Sita, with lustrous, dense, and dark-as-a-bumble-bee, hair, (she did not mat her hair, for God’s sake!), with a delicate and mellifluous voice and words as sweet and nourishing as the nectar from the churn of the Milky Ocean, with comportment that could be equated with brimful ascetic accomplishment, with a waist that mimicked the emptiness of space, followed Rama, who, with the gait of a richly-nourished bull, walked along witnessing a captivating dancing duo, made up of a very proud male swan and a shy, bashful female one, very much mirroring the divine couple.
The threesome trek and reach the banks of the holy Ganga. The sages living there receive them with a deep love and affection and rejoice in Sri Rama’s divine beauty with unquenchable longing –
கதிர் கொள் தாமரைக் கண்ணனை, கண்ணினால்,
மதுர வாரி அமுது என, மாந்துவார்.
They devoured, with their eyes, the lotus eyed Sri Rama, like they would (greedily) drink the divine nectar.

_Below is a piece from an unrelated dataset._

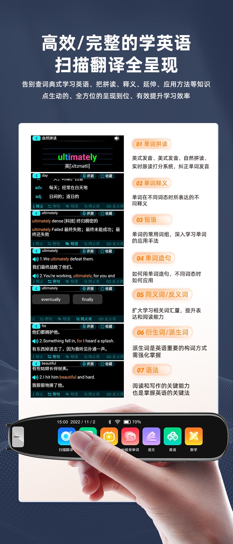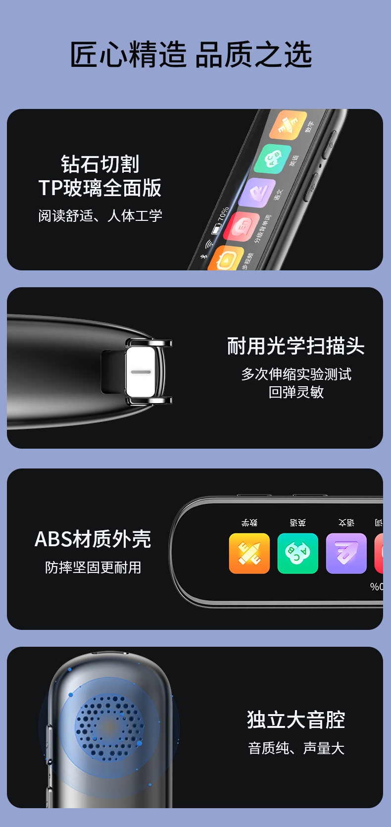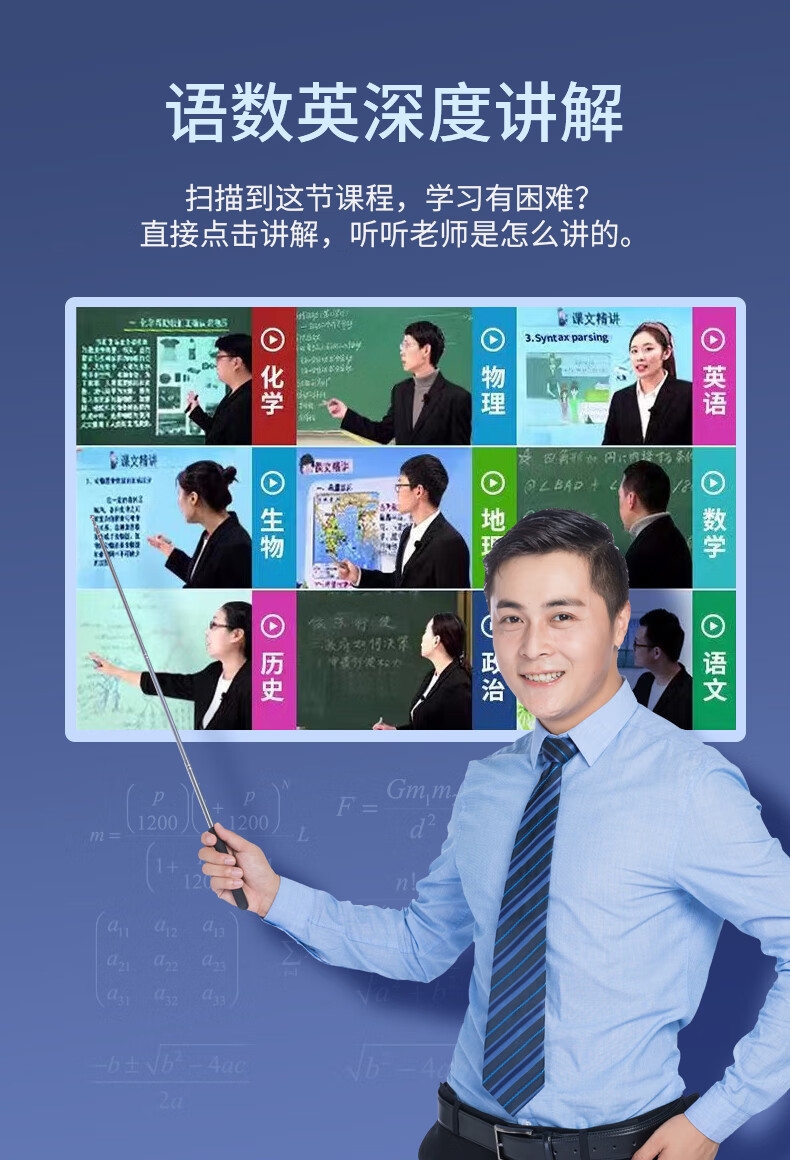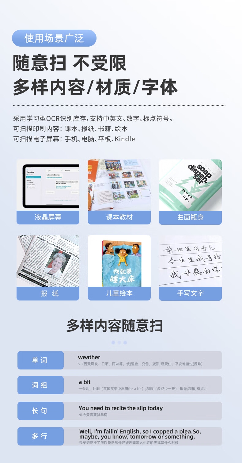 即使没有网络,也能实现翻译功能;海量中,英,日,韩词库,精准解读;AI语音智能助手,答题好帮手

The sages invite the three to have a bath in the Ganga and have food with them. Rama, holding Sita’s hands, wades into the holy waters of Ganga – made holy by Brahma washing His (Sri Maha Vishnu’s) feet with that same water. (A very interesting metaphor comes up!)
மங்கையர்க்கு விளக்கு அன்ன மானையும்,
செங் கை பற்றினன், தேவரும் துன்பு அற,
பங்கயத்து அயன், பண்டு, தன் பாதத்தின்,
அம் கையின் தரும் கங்கையின் ஆடினான்.
Holding the pink-tinted lovely hands of Sita, the beacon for all womanhood, and to the relief of Devas from all their travails, Sri Rama bathed in the holy Ganga.
Ganga’s holiness derives from Brahma washing the foot of Thrivikrama reaching the heavens (while scaling the second foot of space granted to Him by Maha Bali), with the water from his Kamandala (water receptacle); which flow became – according to Vishnu Purana – the holy river of Ganga.
As he bathed in the Ganga with his matted hair, Kamban sees in Rama, an image of Lord Shiva who has matted hair as well and wears Ganga in that hair-lock.
As Sita bathes, Ganga shed the frangrance she carried from the various floral crowns of Lord Shiva - எருக்கம் பூ = crown flower (Calotropis gigantean) and கொன்றை = cassia fistula (endemic in the “mullai” (forest) land of the Thamizh land division) – and acquired, instead, the intoxicating fragrance from the lustrous hair of Sita.
Sita bathing in the Ganges brought back (for Kamban) the scene of Sri Maha Lakshmi rising from the churn of Thirupparkadal.
வால் நிற வெள்ளத்து, முழுகித் தோன்றுகின்றாள், முதல் பாற்கடல் -
அழுவத்து அன்று எழுவாள் என
Here is another of Kamban’s riveting allegory:
Ganga of yore had been blessed only to wash the lotus feet of Sri Maha Vishnu. Today, she caresses His whole Self. Would this world, washed by this exceptionally sanctified Ganga, encounter hell-like despair at all henceforward?
ஐயன் மேனி எலாம் அளைந்தாள், இனி,
வையம் மா நரகத்திடை வைகுமே?
The three of them, after bathing in the Ganga and oblations, accept the hospitality of the sages and partake of the love-filled food offered by them.
Kamban presents Guha, the chieftain lording over the banks of the Ganga, in eight riveting verses. Let us pick just one:
ஊற்றமே மிக ஊனொடு மீன் நுகர்
நாற்றம் மேய நகை இல் முகத்தினான்,
சீற்றம் இன்றியும் தீ எழ நோக்குவான்,
கூற்றம் அஞ்சக் குமுறும் குரலினான்.
Guha, thriving on meat and fish and carrying along with him that odour, with a smile-less face, with eyes that spit fire even when not angry, with a voice whose rumbles that made even the God of Death tremble.
Guha approaches the place where Rama, Sita and Lakshmana had arrived. He announces himself to Lakshmana. ‘தேவா! நின் கழல் சேவிக்க வந்தனென் நாவாய் வேட்டுவன் நாய் அடியேன்” I am a tribal who runs the boat service here; I have come to pay obeisance at your feet.”